Difficulties with Class B Amplifier Biasing
First, understand this is just a double emitter follower using a darlington on each side. The voltage at the output will be pretty much the voltage at the opamp output. The purpose of the emitter followers is to provide current gain.
If each transistor has a gain of 50, for example, then the current the opamp has to source and sink is roughly 50 * 50 = 2,500 times less than what the load draws. For example, if the load is drawing 1 A, then the opamp only needs to source 400 µA.
One problem with a emitter follower is that the output voltage differs from the input voltage by the B-E drop of the transistor. Let's say for sake of example that's about 700 mV when the transistors are operating normally. For a NPN emitter follower, you have to start with 1.7 V in if you want 1 V out. Similarly, for a PNP emitter follower, you have to put -1.7 V in if you want -1 V out.
Due to two transistors being cascaded, this circuit has two 700 mV drops from the opamp to the output. That means to drive the output high, the opamp has to be 1.4 V higher. To drive the output low, the opamp has to be 1.4 V lower.
You wouldn't want the opamp having to suddenly jump 2.8 V when the waveform switches between positive and negative.
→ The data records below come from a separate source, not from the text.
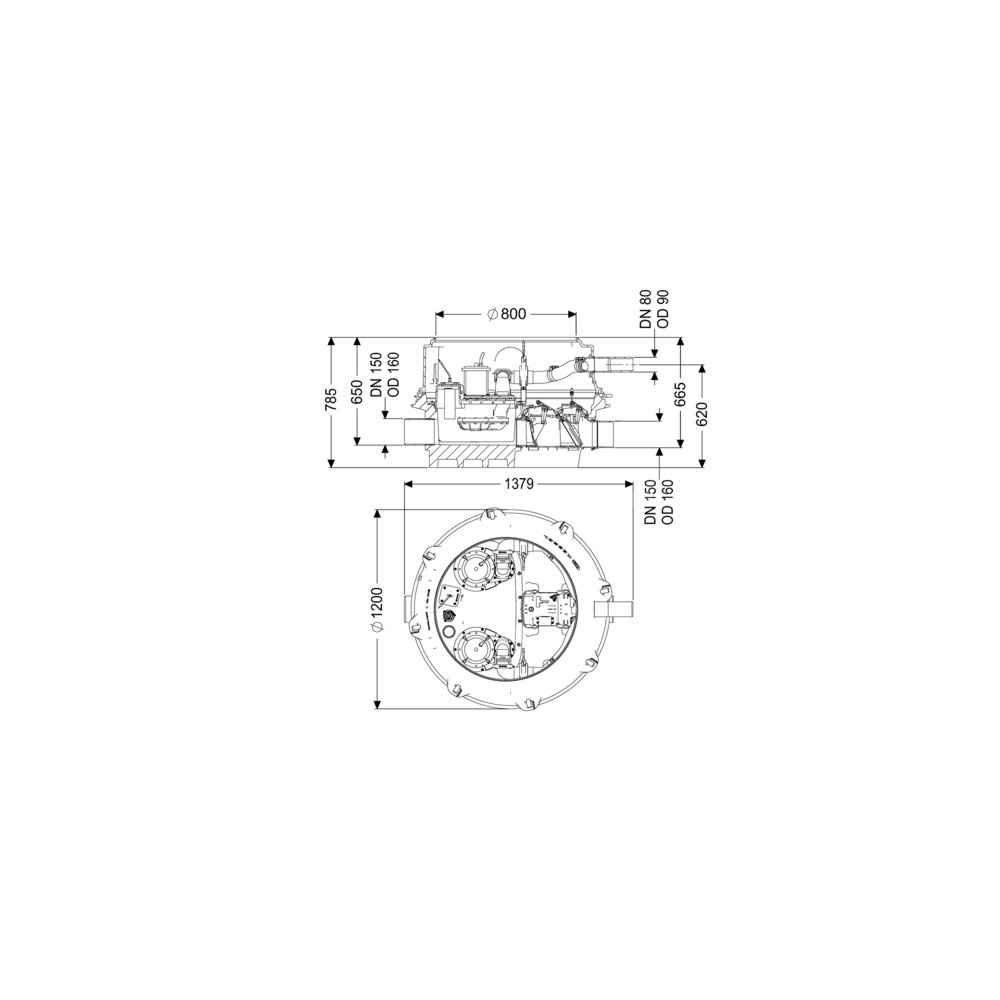 - Szerokość w świetle włazu (LW): 800 mm
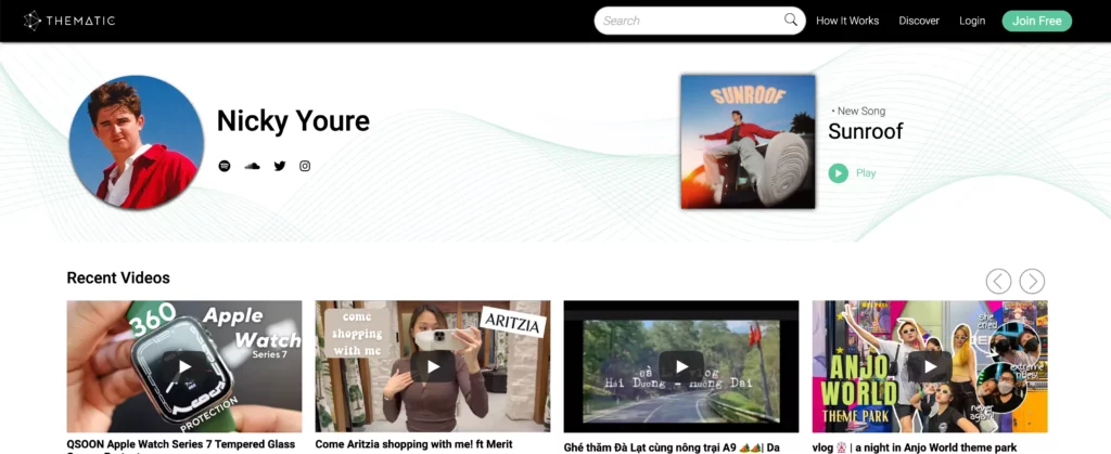 For example, creators get curated Weekly Matches every Friday on Thematic. Each creator gets their own personalized mix of songs and curated playlists matched to the creator’s aesthetic.
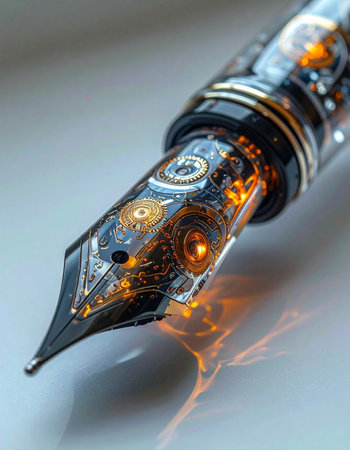 A macro view captures the soul of a unique fountain pen, where classic elegance meets steampunk ingenuity.
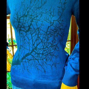 ▪️ANTHROPOLOGIE▪️Ombré Blue Turtleneck Tree Graphic Sweater
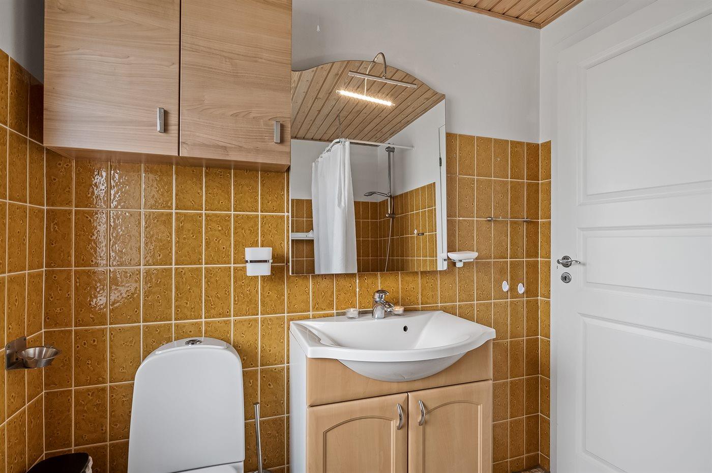 Der er 1 badeværelse med bruseniche og 1 toilet.. Badekar.
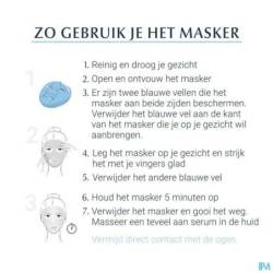 Het masker is geschikt voor alle huidtypes, ook voor de gevoelige huid. Resultaat: De huid ziet er minder vermoeid en minder gestrest uit.
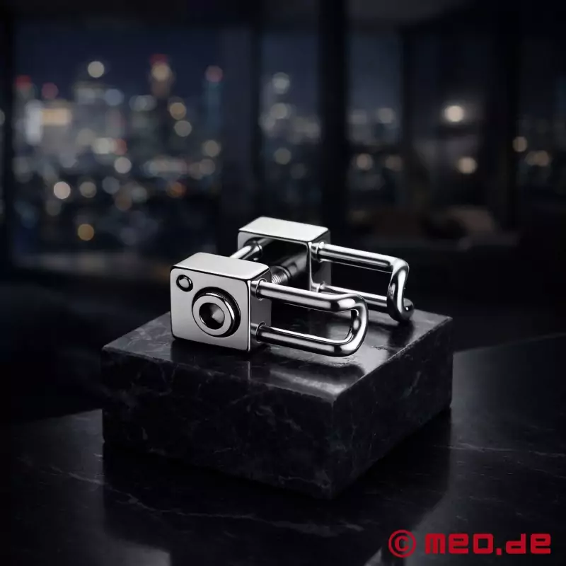 Un morsetto per naso, uno strumento di dominazione e dolce tortura sessuale, capace di enfatizzare tutte le sfumature fetish della vostra performance sessuale. Diversamente dalla maggior parte di queste pinze per naso, che offrono pressione attraverso molle, il design innovativo di questo Nose Shackle, consente di regolare la quantità di dolore misto al piacere che si vuole infliggere,su questa zona estremamente sensibile, aumentando o diminuendo la sua stretta, con una semplice rotazione della vite, posta al lato. Questo elegante pressa d'acciaio per naso è in grado di fornire un pizzico brutale di punizione o un sussurro di allettante piacere ad ogni stimolo e allentamento della piccola pressa. Ideato, progettato e realizzato per il naso, questo giocattolo è abbastanza grande anche per essere utilizzato sulle orecchie, sui capezzoli o sui genitali.
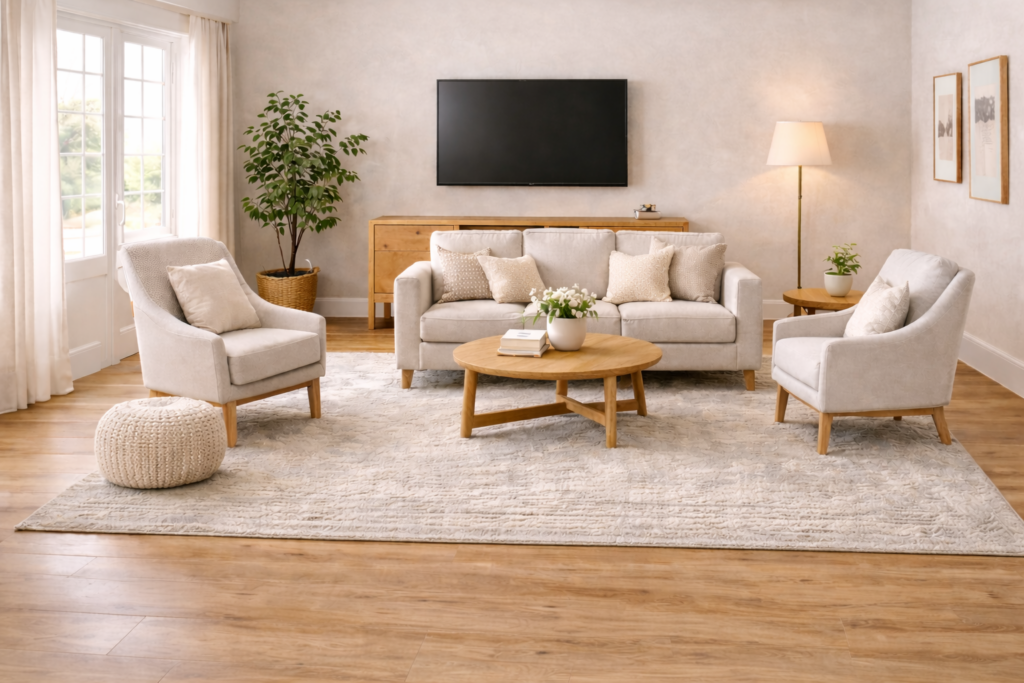 Small living rooms aren’t hard because you “don’t have enough furniture.” They’re hard because one wrong spacing decision (a sofa pushed too far forward, a rug that’s too small, a TV that’s off-center) can make everything feel cramped.
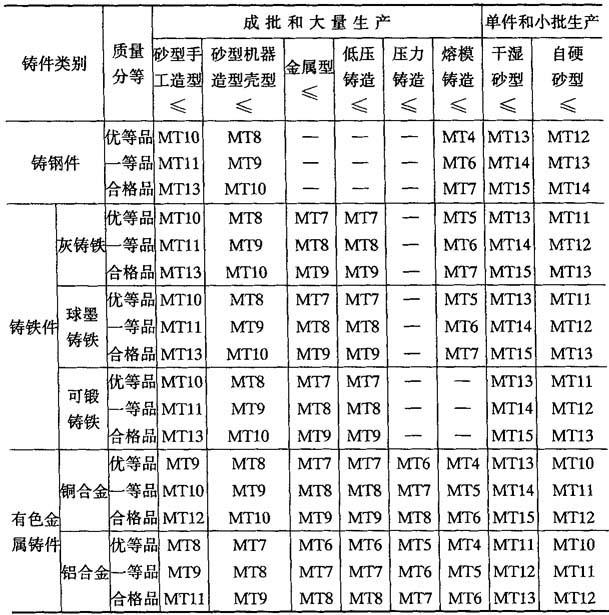 表5-123 用于成批和大量生产的铸件质量公差等级(GB/T11351—89)
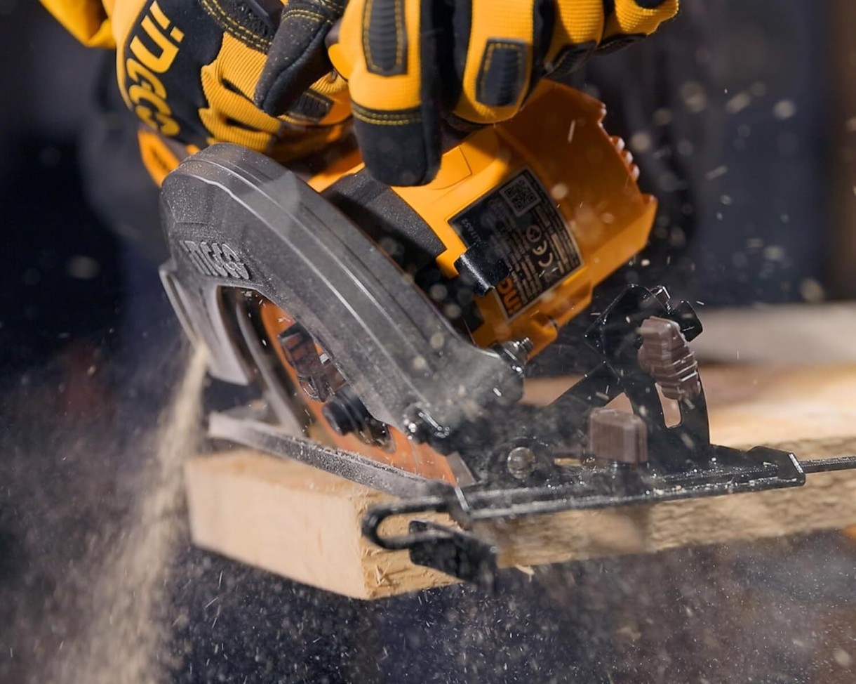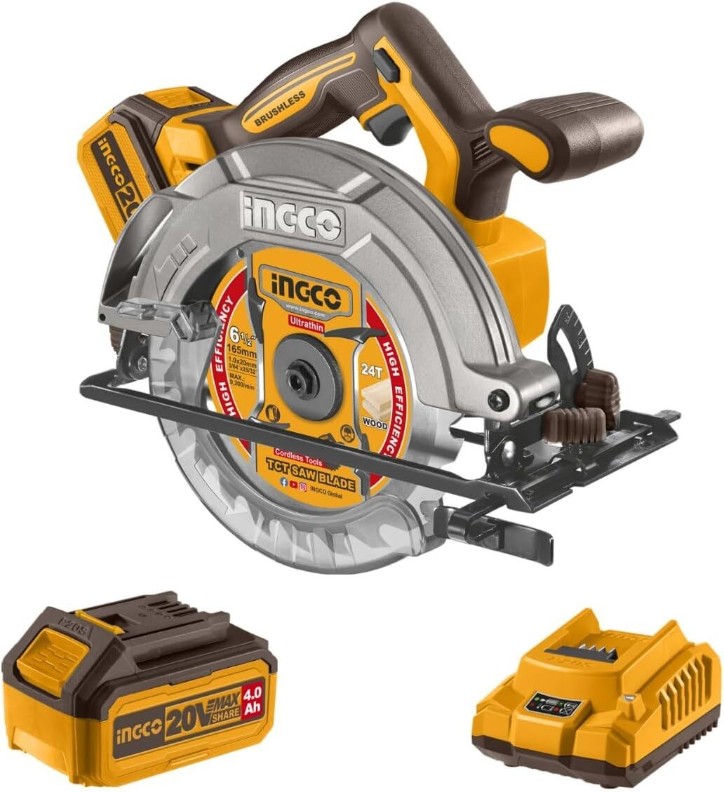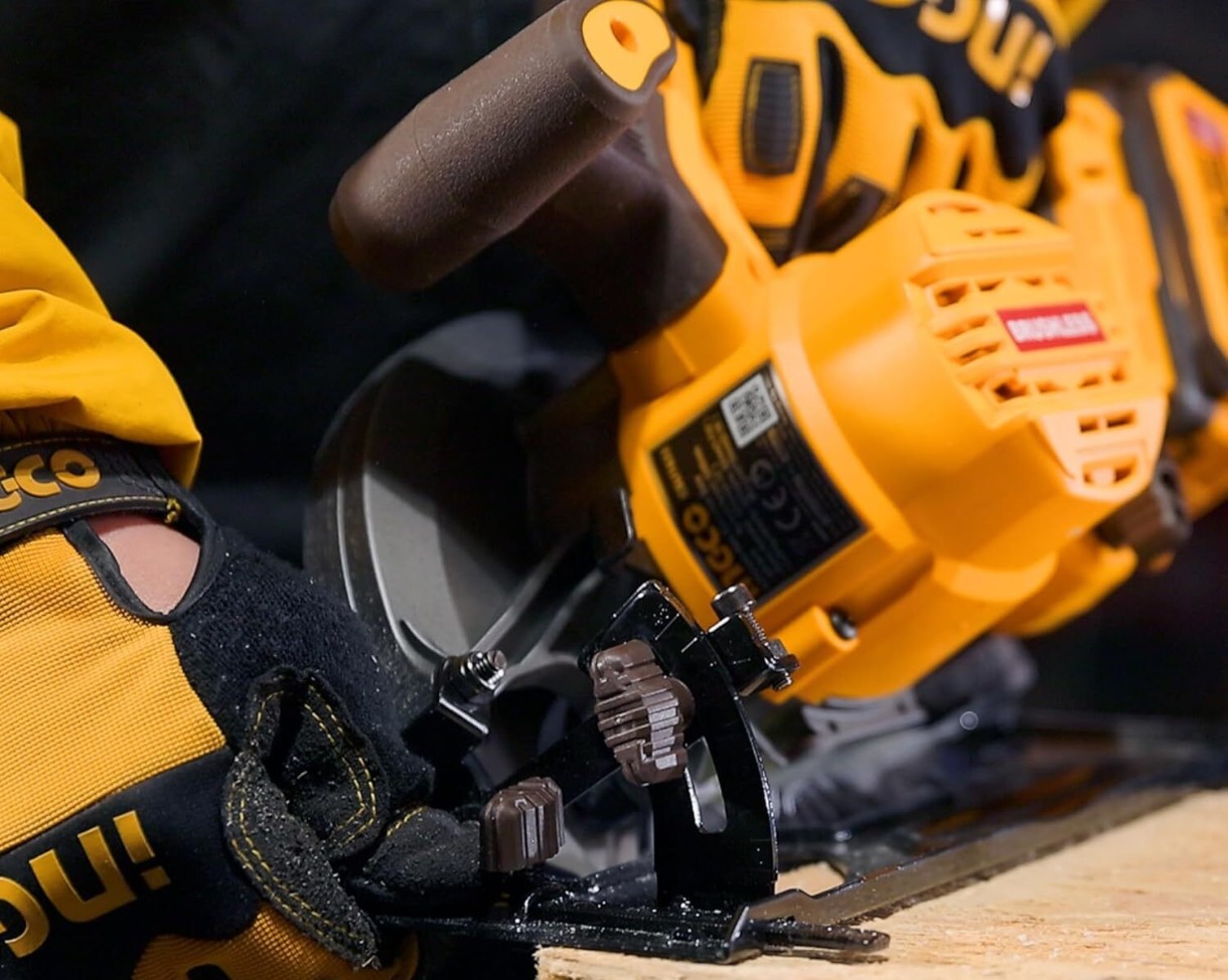 Циркулярная пила INGCO с бесщеточным мотором работает от аккумулятора напряжением 20V, обеспечивая высокую эффективность и долговечность. Она достигает скорости без нагрузки до 5200 об/мин, что позволяет быстро и точно выполнять резку.

The opamp can't do that suddenly, so there would be a small dead time at the zero crossing, which would add distortion to the output signal.
The solution used by this circuit is to put a 2.8 V source between the inputs to the high and low side drivers. With 2.8 V difference in drive level, the two output drivers will be just at the edge of being on at 0 output. A little higher input and the top driver will start sourcing significant current. A little lower, and the bottom driver will start sinking significant current.
One problem is getting this offset just right to eliminate the input jump required at zero crossings, but not turn on both drivers so much that they end up driving each other. That would cause useless current to flow and dissipate power that isn't going to the load. Note that 700 mV is just a rough value for the B-E drop. It's reasonably constant, but it does change with current, and also with temperature. Even if you could adjust the 2.8 V source exactly, there isn't a single exact value to adjust it to.
This is what RE1 and RE2 are for. If the 2.8 V offset is a little too high and significant quiescent current starts flowing thru both the top and bottom drivers, then these resistors will have a voltage drop across them. Whatever voltage appears across RE1+RE2 directly subtracts from the 2.8 V offset from the point of view of the two drivers.
Even 100 mV can make a significant difference. That will be caused by 230 mA of quiescent current. Note also that 700 mV is probably on the low side, especially for the power transistors when they carry significant current.
All in all, the 2.8 V source is meant to keep each of the top and bottom drivers "ready", without turning them on enough so that they start fighting each other and dissipating a lot of power.
Of course, everything is a tradeoff. In this case you can trade off more quiescent current for a little less distortion.
Ideally, in class B one side shuts off completely when the other starts taking over. That almost never happens in practice, but this scheme is reasonably close to it.
There is a simple known circuit which works as a 'programmable zener'. Below is the principle diagram:
simulate this circuit – Schematic created using CircuitLab
For a real application the variable resistor may be split in three parts to get more accurate control. By varying the resistor you can set the 'zener' voltage between the bases of the two transistors Q1 and Q2 and as such control the quiescent current.
Forgot: Just as a real zener it needs a resistor at the top.
In the good old days that transistor was physically mounted on the heatsink so you also had thermal compensation. Took me a while to find an image on the www but here is one:
Post edit
As mentioned in the comment below you have to be careful with this circuit. Before first time use you must make sure the variable resistor set such that the base is at the collector voltage. Thus there is minimal voltage drop. Then you turn the resistor until the bias is 'correct' which normally means you no longer see (scope) hear (ears) the distortion in the output signal. You can turn it a bit further which will increase the quiescent current in output stage. (It will get more the characteristic of a class A amplifier.)
The difference between class A and class B is the quiescent current through the last stage.
If you make the quiescent current zero then only Q3 or Q4 supplies current when a signal is present. This is class B.
If you make the quiescent current so large that for very large signals (even the largest) both Q3 and Q4 never have an Ic = 0 (are never off), we have class A.
There's also class AB which can be anywhere between class A and class B.
How to set this quiescent current?
That is done by Vbias.
Some examples how Vbias can be implemented:
the "Zener" from oldfart's answer
a real Zener diode
or this:
simulate this circuit – Schematic created using CircuitLab
The current source can easily be made with a PNP current mirror and a biasinf resistor.